Fourth-seeded Duke (27-9), which ousted top seed Houston in the Sweet 16 two nights earlier, missed out on its second Final Four in three seasons after leading by six at halftime and maintaining that margin with 16 1/2 minutes left.

But soon after Wolfpack coach Kevin Keatts was called for a technical foul with 8 minutes left, his team had a double-digit lead and was well on its way to becoming the seventh double-digit seed to make the Final Four since the tournament expanded to 64 teams in 1985.

Edey goes big, sends Purdue to 1st Final Four since 1980

DETROIT (AP) — By the time all the scrapping and scratching and diving on the floor was over, it felt like a shame that both those teams, and both those players, weren’t moving onto the Final Four.

Just don’t expect Purdue to feel bad about it.

Boilermakers big man Zach Edey went for a career high 40 points Sunday to muscle Purdue within two wins of the title for the first time since 1980 with a 72-66 victory over Dalton Knecht and his never-say-quit Tennessee teammates.

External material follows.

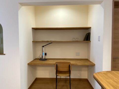 ・リビングの一角にカウンターデスクを造作:既製品の机を置くのではなく、お部屋の角や窓際に合わせて棚板を設置します。インテリアを損なわず、家族の気配を感じながら集中できる場所が作れます。

The 7-foot-4 Edey, a unanimous AP All-American, didn’t even need a ladder to cut down the net after edging out Knecht, another All-American, who finished with 37 points.

The game’s top two players, and their teams, went back and forth all day. How close was it?

There were six ties and eight lead changes. With 5 minutes left and the score knotted at 58, both players had scored 31 points on 12 field goals. According to OptaSTATS, this was the first time opposing players scored more than half their squads’ points in an NCAA Tournament game.

“You’re not trying to take away 100 percent, you’re trying to take away maybe 80 percent of what he’s trying to get accomplished,” Purdue coach Matt Painter said of Knecht. “But we don’t take Zach for granted. He could’ve scored 50 tonight if he’d made his free throws.”

Edey missed eight of his 22 attempts from the foul line. One of those misses sparked the play of the game. After Tennessee grabbed the rebound and worked the ball downcourt, Edey swatted away Knecht’s layup as he drove to the basket while trailing by five with 33 seconds left.